The problem: From the listing that follows, reproduce only the lines from the one holding "イタリアンのランチを頼むと、まず最初に前菜にパン、ミネストローネがでてきます。" through the one holding "Перевірте, чи немає", both included, with no pictures.
**** Source data
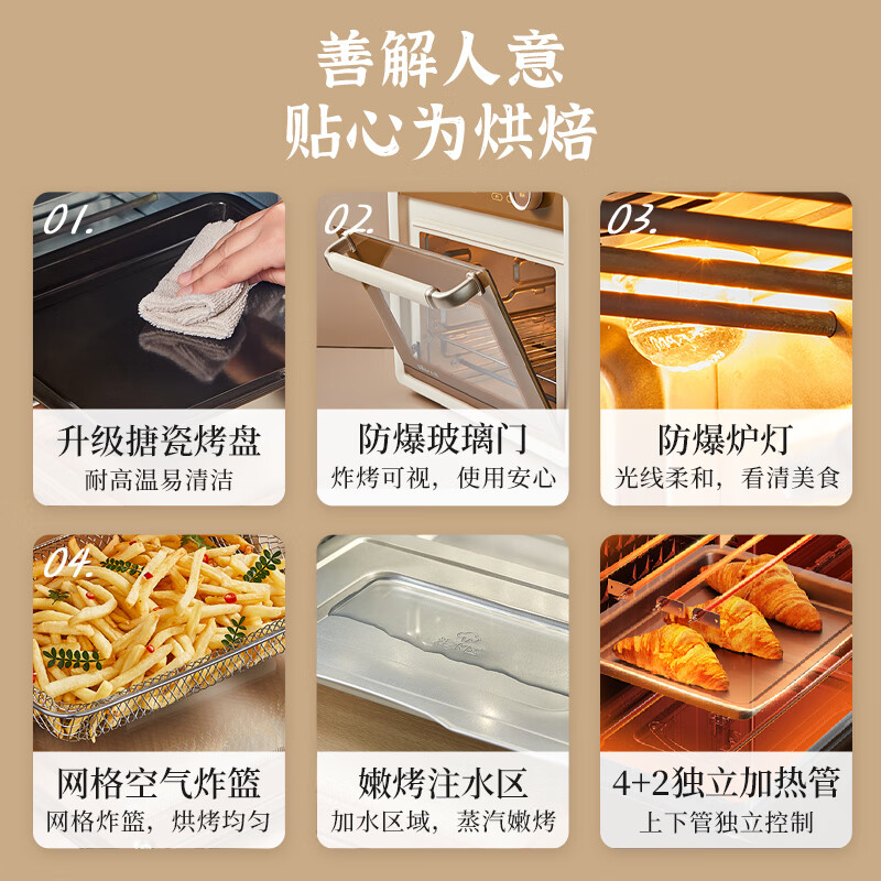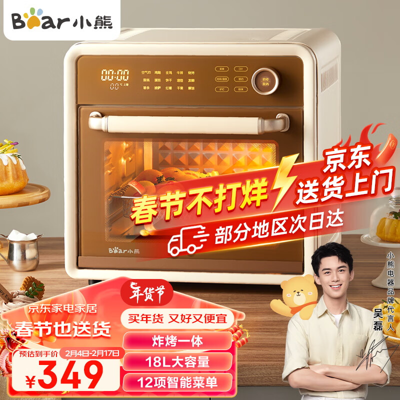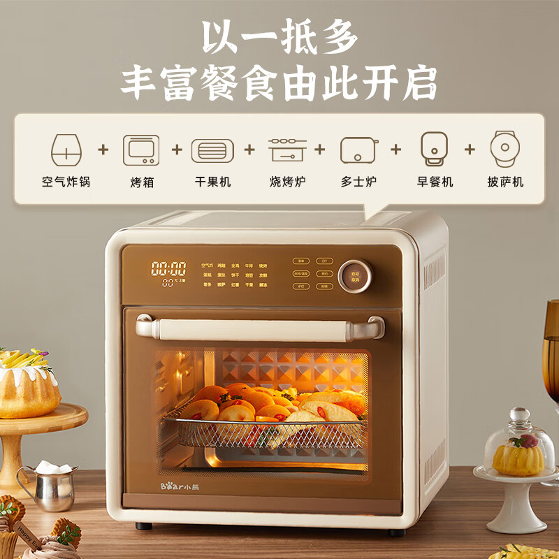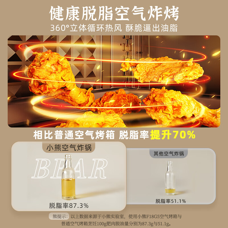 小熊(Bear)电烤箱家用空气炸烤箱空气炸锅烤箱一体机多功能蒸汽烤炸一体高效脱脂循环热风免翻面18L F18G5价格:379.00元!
********
**** Source data
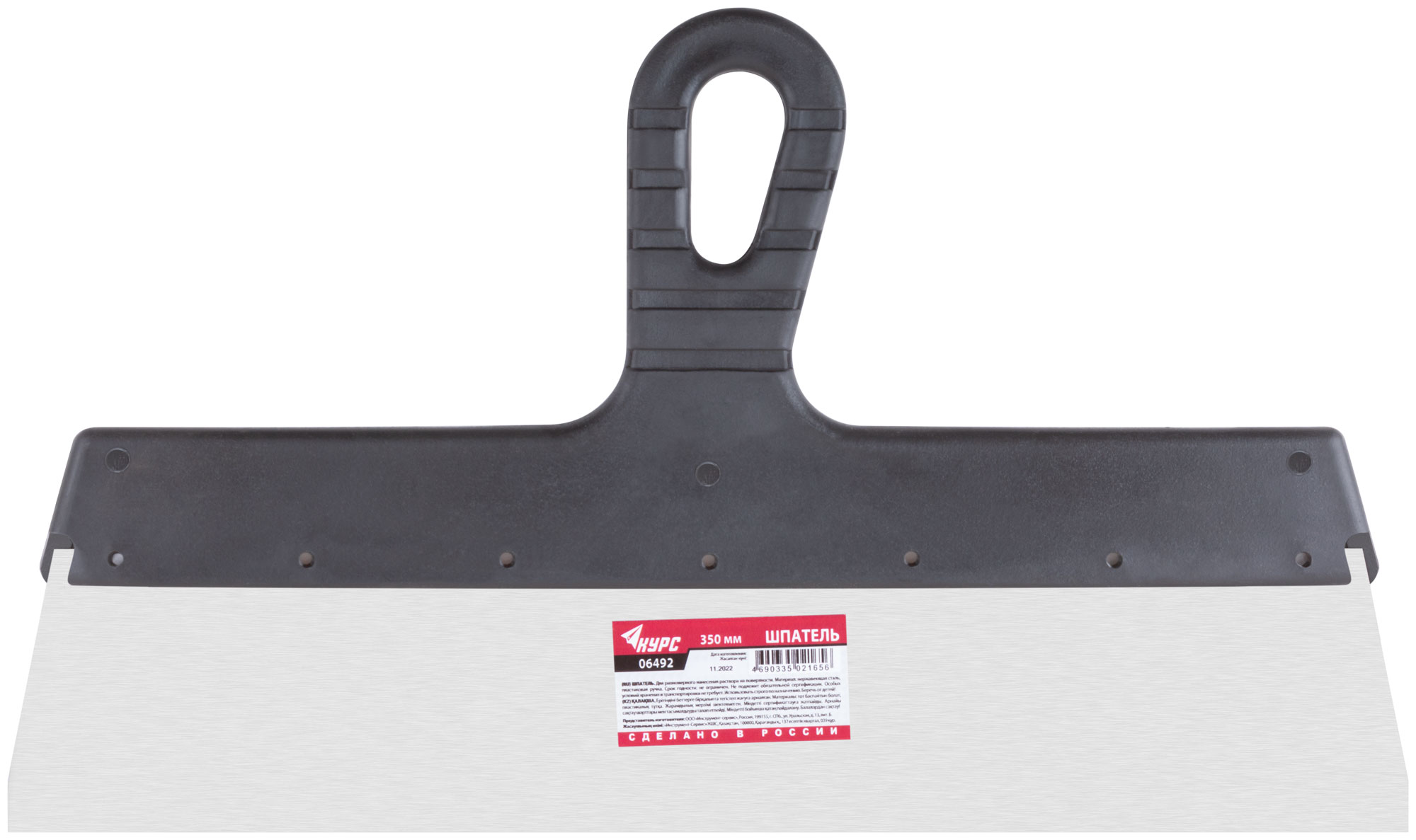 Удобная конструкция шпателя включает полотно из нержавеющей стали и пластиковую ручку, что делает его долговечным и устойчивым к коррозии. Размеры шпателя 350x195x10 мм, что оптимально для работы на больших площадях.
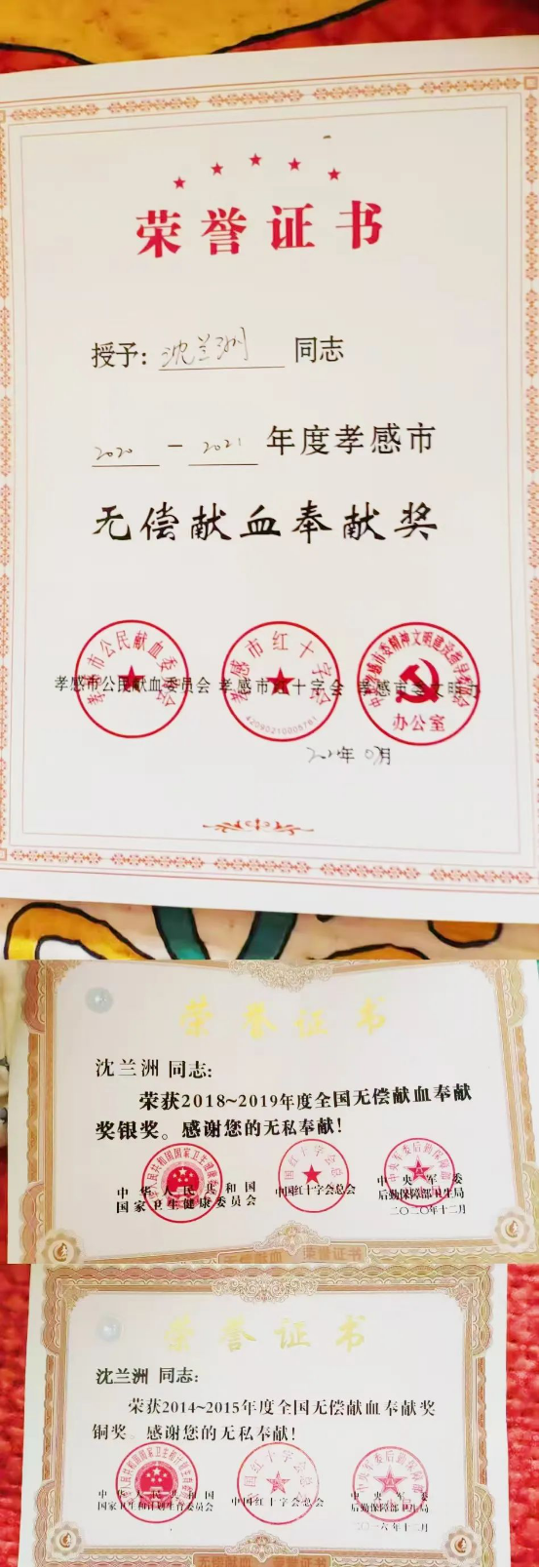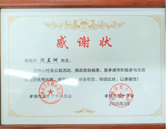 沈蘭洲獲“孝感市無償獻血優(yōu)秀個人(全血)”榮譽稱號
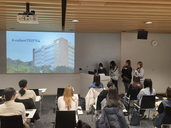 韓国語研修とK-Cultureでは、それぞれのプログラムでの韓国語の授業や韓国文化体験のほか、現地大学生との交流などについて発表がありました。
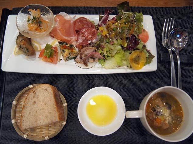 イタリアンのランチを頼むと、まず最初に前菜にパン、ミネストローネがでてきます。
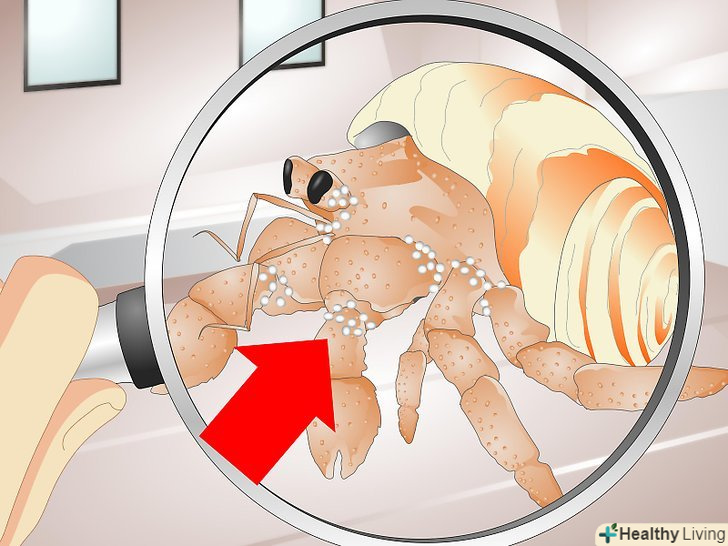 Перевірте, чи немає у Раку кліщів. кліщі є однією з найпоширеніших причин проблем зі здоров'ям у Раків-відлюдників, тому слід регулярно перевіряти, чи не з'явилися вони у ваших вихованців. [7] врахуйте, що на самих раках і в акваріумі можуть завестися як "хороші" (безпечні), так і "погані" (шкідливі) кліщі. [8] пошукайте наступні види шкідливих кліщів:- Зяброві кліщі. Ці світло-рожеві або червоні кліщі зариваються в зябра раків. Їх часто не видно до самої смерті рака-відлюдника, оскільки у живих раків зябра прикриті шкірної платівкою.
********
**** Source data
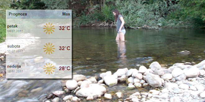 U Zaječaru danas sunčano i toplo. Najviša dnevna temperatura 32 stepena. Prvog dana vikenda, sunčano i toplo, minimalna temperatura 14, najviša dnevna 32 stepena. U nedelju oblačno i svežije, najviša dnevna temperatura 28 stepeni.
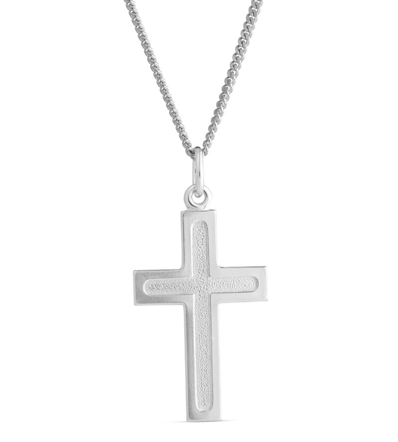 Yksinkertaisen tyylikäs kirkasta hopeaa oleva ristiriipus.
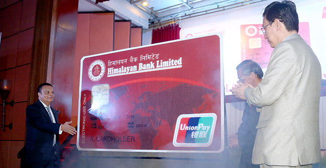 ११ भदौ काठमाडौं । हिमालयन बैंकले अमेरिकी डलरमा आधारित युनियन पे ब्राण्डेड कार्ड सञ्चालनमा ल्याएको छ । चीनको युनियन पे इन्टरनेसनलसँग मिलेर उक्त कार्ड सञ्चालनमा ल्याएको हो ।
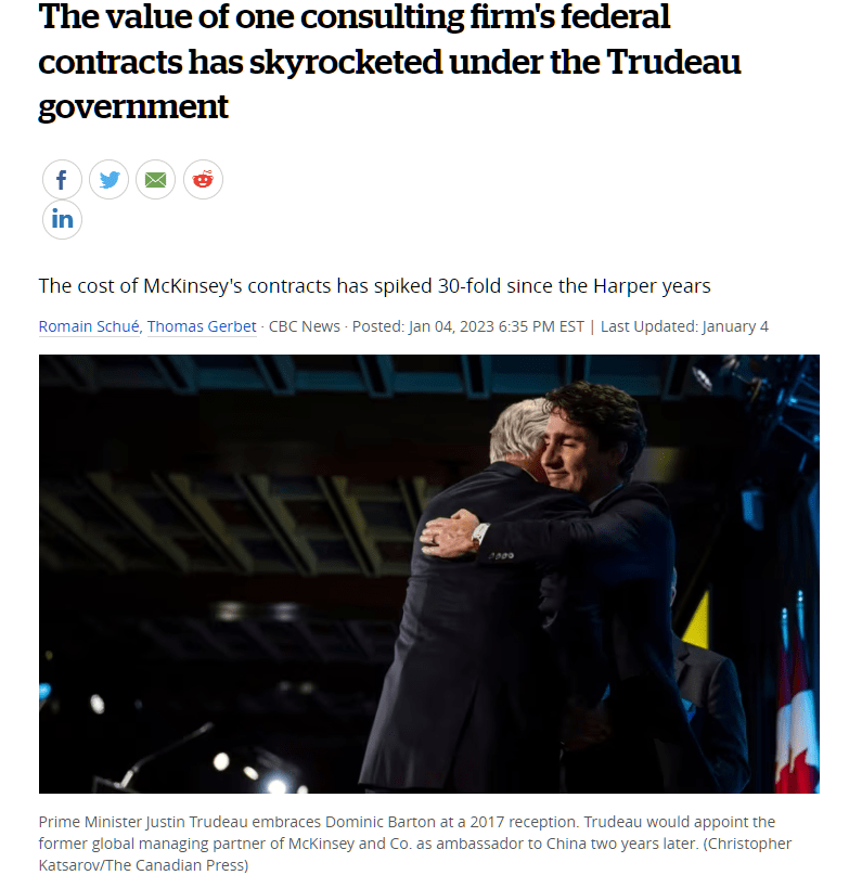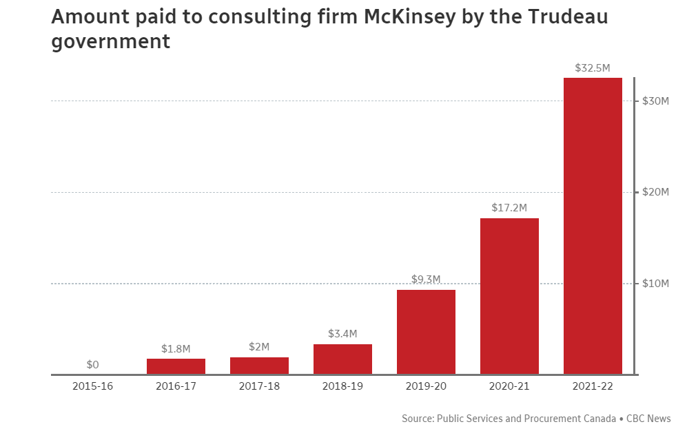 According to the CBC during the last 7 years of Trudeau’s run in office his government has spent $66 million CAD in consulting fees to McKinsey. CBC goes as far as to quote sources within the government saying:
********
Your response:
 イタリアンのランチを頼むと、まず最初に前菜にパン、ミネストローネがでてきます。
 Перевірте, чи немає у Раку кліщів. кліщі є однією з найпоширеніших причин проблем зі здоров'ям у Раків-відлюдників, тому слід регулярно перевіряти, чи не з'явилися вони у ваших вихованців. [7] врахуйте, що на самих раках і в акваріумі можуть завестися як "хороші" (безпечні), так і "погані" (шкідливі) кліщі. [8] пошукайте наступні види шкідливих кліщів:- Зяброві кліщі. Ці світло-рожеві або червоні кліщі зариваються в зябра раків. Їх часто не видно до самої смерті рака-відлюдника, оскільки у живих раків зябра прикриті шкірної платівкою.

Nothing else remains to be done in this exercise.